The chemical compounds contained in EOs affect the growth of insects through enzymatic processes and act as inhibitors of acetylcholinesterase and as mimics of octopamine. The inhibition of acetylcholinesterase in pests in stored products blocks the hydrolysis of acetylcholine. Monoterpenoids, such as bornyl acetate and borneol, are known for their acetylcholinesterase inhibition effects [62,63]. Therefore, the presence of such compounds in EO could cause the death of C. maculatus treated with the essential oil. The observed mortality might be due to one or a few compounds or to the combined effects of several chemicals. Effects can be caused by several other compounds, including g-aminobutyric acid or ligands of octopamine, tyramine, nicotinic, and acetylcholine receptors.

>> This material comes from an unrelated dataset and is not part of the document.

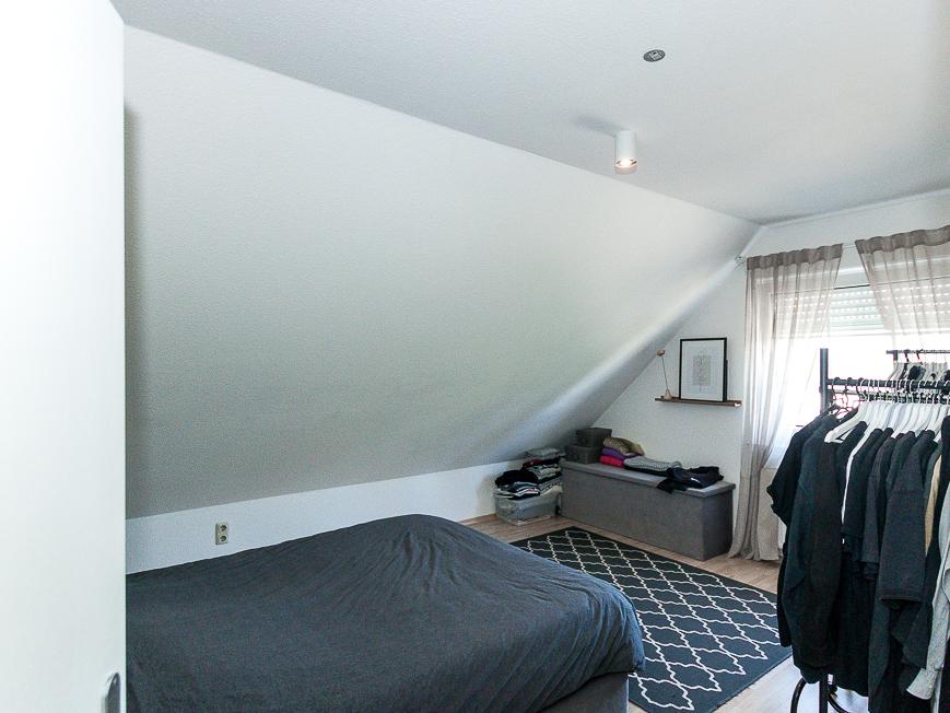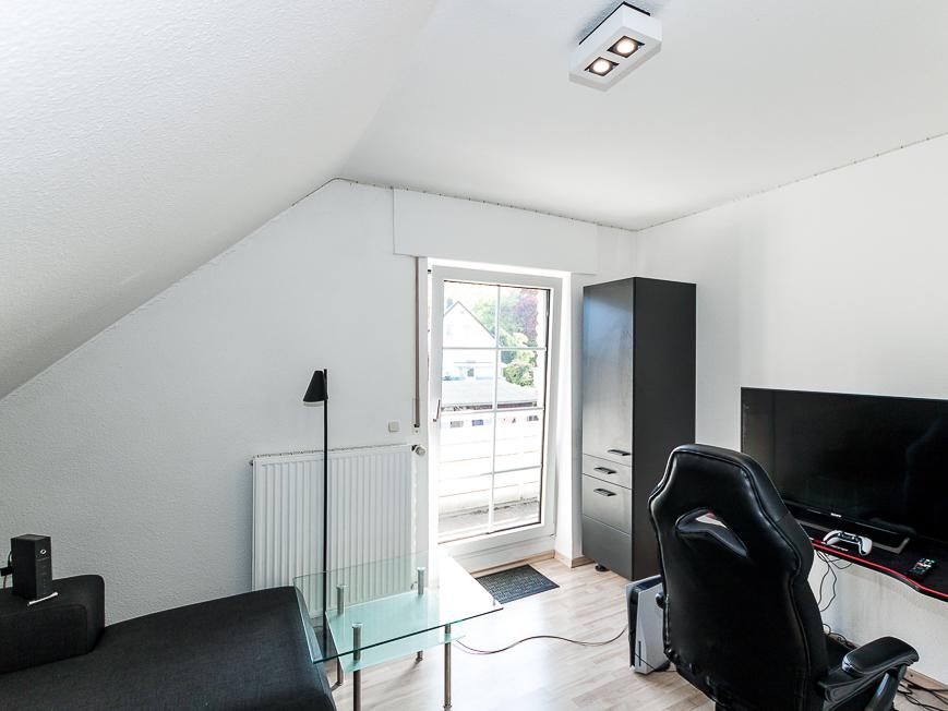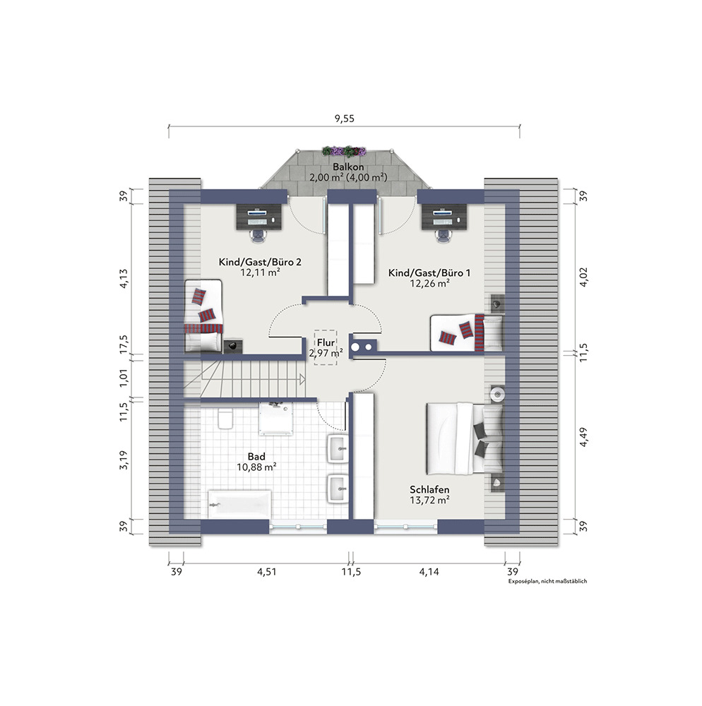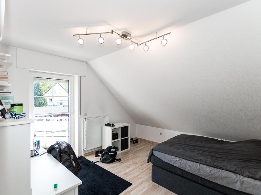 Im Dachgeschoss befinden sich drei Schlafzimmer, die sich in Größe (etwa 12 bis rund 14 m²) und Schnitt ähneln – ideal für Familien, in denen die Zimmervergabe keine Diskussion auslösen soll. Zwei Zimmer bieten Zugang zum Balkon mit Blick über den Garten. Alternativ lassen sich in den zuvor genannten Räumen auch Ihre Gäste oder ein Büro unterbringen. Das Familienbad mit Fenster, Wanne, Dusche und zwei Waschtischen ist großzügig, hell und funktional.

The results of other studies have shown that C. maculatus is a major beetle pest in stored chickpeas [64,65] and can cause significant damage to this stored product. Thus, efficacy of D. viscosa against C. maculatus supports the use of EOs as a natural alternative to synthetic pesticides to control C. maculatus in stored chickpeas. In summary, D. viscosa has insecticidal activity against several pests, including the African cotton leaf worm, the Egyptian cotton leaf worm, Mediterranean brocade (Spodoptera littoralis), a moth in the family Noctuidae, the green peach aphid, also called greenfly, the peach-potato aphid, (Myzus persicae), a small green aphid belonging to the order Hemiptera, and the bird cherry-oat aphid (Rhopalosiphum padi), an aphid in the superfamily Aphidoidea in the order Hemiptera [66]. The results of another study performed on the insecticidal activity of extracts of D. viscosa indicated insecticidal activity against the sawtoothed grain beetle (Oryzaephilus surinamensis), a beetle in the superfamily Cucujoidea, the confused flour beetle (Tribolium confusum), a type of darkling beetle, and the rice weevil (Sitophilus oryzae) [67]. Furthermore, compounds from D. viscosa have been reported to protect chickpea seeds against C. maculatus [68].

4. Conclusions

The EO evaluated in this study for its antioxidant and antimicrobial activities and its insecticidal efficacy against C. maculatus showed the presence of some important compounds such as borneol and bornyl acetate. Its chemical components provide the EO with the antioxidant activity. Therefore, the EO from D. viscosa could be employed as an antioxidant after more evaluations. Furthermore, the EO exhibited significant antimicrobial properties against nosocomial resistant microorganisms. The insecticidal efficacy of EO against the cowpea weevil (C. maculatus) is promising; therefore, this EO can be used as a natural bio-pesticide for the control of pests.